Çalışanın işvereni aracılığıyla bir emeklilik planına dâhil olması, işveren tarafından emeklilik şirketi ve plan belirlenmesinde göz önünde bulundurulacak kriterler, katkı paylarının yatırıma yönlendirileceği fonlar, işverenin emeklilik şirketi ile yapacağı sözleşme, cayma hakkı, çalışanın işyerinin değişmesi hâlinde işverenin çalışanı bir emeklilik planına dâhil etmesi, işyeri değişikliğinde birikimin aktarılması, çalışma ilişkisi sona eren çalışanın talebi üzerine ilgili emeklilik planına ödeme yapması, ara verme, sistemden ayrılma, Devlet katkısının ödenmesi ve bu maddenin uygulanmasına ilişkin diğer usul ve esaslar Müsteşarlık tarafından belirlenecektir.

13- Şirketlerin Tasfiye Süresi Kısaltıldı!

Türk Ticaret Kanununun 543/2. maddesi uyarınca alacaklılara üçüncü kez yapılan çağrı tarihinden itibaren bir yıl geçmedikçe kalan varlık, alacaklılar için bir tehlike mevcut olmadığına ilişkin mahkeme kararı olmadan, dağıtılamıyordu. 6728 sayılı Kanunun 68 inci maddesi ile bu fıkrada yer alan “bir yıl” ibareleri “altı ay” şeklinde değiştirilmiştir.

14- İşe Giriş Bildirgeleri İşe Giriş Tarihini Takip Eden İlk İş Günü Saat 23.59’a Kadar İptal Edilebilecek!

25.08.2016 Tarihli Resmi Gazetede yayımlanan Sosyal Sigorta İşlemleri Yönetmeliğinde Değişiklik Yapılmasına İlişkin Yönetmelik ile Sosyal Sigorta İşlemleri Yönetmeliğinin 11. Maddesine aşağıdaki bent eklenmiştir.

“(7) Bu madde kapsamında Kanunun 4 üncü maddesinin birinci fıkrasının (a) bendine tabi sigortalı çalıştıran işverenler e-sigorta yoluyla yaptıkları bildirimleri bildirgede belirtilen işe giriş tarihini takip eden ilk iş günü saat 23.59’a kadar e-sigorta yoluyla iptal edebilir.”

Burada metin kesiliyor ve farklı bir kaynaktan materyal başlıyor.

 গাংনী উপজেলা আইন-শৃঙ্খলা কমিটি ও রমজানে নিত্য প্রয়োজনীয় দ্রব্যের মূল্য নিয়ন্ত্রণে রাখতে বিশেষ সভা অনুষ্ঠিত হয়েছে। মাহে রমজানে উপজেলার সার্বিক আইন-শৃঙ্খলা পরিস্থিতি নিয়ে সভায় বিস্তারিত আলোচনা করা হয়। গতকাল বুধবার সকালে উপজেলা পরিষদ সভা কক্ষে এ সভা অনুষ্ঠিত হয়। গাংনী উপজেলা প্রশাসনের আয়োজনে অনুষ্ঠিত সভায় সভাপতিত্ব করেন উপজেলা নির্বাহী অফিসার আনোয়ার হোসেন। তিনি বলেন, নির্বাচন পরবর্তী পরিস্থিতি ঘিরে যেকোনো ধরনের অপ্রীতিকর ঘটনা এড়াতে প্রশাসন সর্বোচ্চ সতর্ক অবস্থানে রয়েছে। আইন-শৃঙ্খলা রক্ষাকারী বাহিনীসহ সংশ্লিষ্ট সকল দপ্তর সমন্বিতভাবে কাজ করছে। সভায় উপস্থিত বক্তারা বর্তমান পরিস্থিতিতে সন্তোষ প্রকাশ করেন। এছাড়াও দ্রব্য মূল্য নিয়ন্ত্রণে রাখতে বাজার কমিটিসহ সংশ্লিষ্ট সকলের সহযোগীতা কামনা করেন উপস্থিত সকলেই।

[1] Özel tüketim vergisi konusuna giren malları beyan eden ve alış belgelerini ibraz edemeyen mükelleflerin bu malların beyan tarihindeki miktarı ve emsal bedeli üzerinden geçerli olan özel tüketim vergisini beyanname verme süresi içinde ayrı bir beyanname ile beyan ederek aynı süre içinde ödemeleri hâlinde bu mallar bakımından 6/6/2002 tarihli ve 4760 sayılı Özel Tüketim Vergisi Kanununun 4 üncü maddesinin (3) numaralı fıkrası hükmü uygulanmaz.

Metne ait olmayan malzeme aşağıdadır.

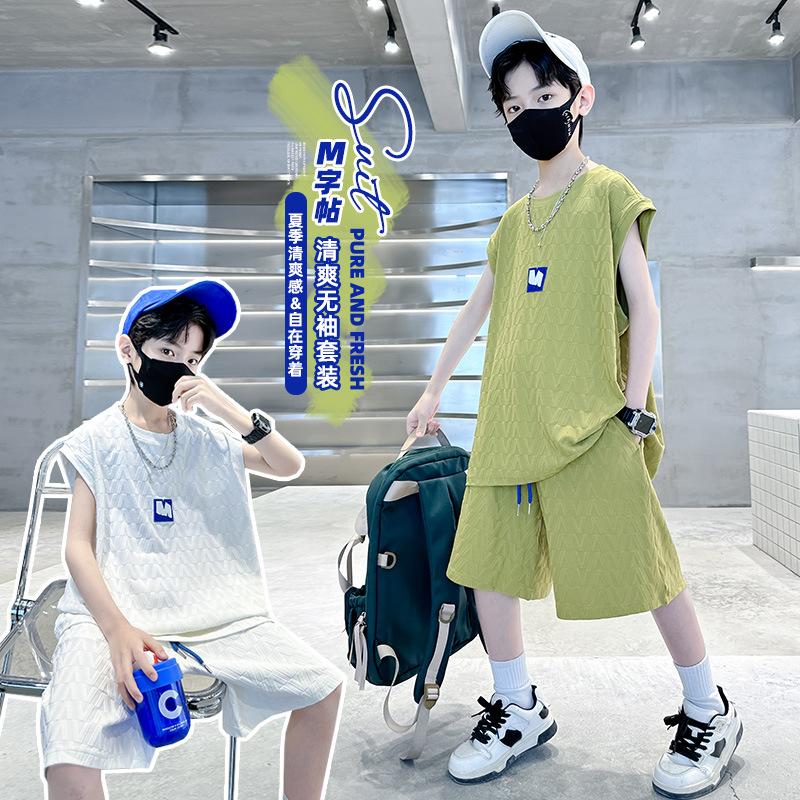夏季新大男童背心短裤套装童装儿童男孩运动无袖两件套童套装薄款

[2] KDV Kanununun 9 uncu maddesinin (2) numaralı fıkrasında; fiili ya da kaydî envanter sırasında belgesiz mal bulundurulduğunun tespiti hâlinde, bu alışlar nedeniyle, ziyaa uğratılan KDV’nin, belgesiz mal bulunduran mükelleften aranacağı, bu uygulamaya göre yapılan tarhiyata da vergi ziyaı cezası uygulanacağı hüküm altına alınmıştır.

[3] 28. Madde “Çıkma izni almak suretiyle Türk vatandaşlığını kaybeden kişilere tanınan haklar”ı düzenlemektedir.

[4] Eski tabir ile “SSK’lılar” – hizmet akdi ile çalışanlar.

[5] Emekli Sandığına tabi olanlar.

[6] Katılımcılardan;

a) En az üç yıl sistemde kalanlar Devlet katkısı hesabındaki tutarın yüzde onbeşine,

b) En az altı yıl sistemde kalanlar Devlet katkısı hesabındaki tutarın yüzde otuzbeşine,

c) En az on yıl sistemde kalanlar Devlet katkısı hesabındaki tutarın yüzde altmışına,

hak kazanır. Bireysel emeklilik sisteminden emeklilik hakkı kazananlar ile bu sistemden vefat veya malûliyet nedeniyle ayrılanlar Devlet katkısı hesabındaki tutarın tamamına hak kazanır.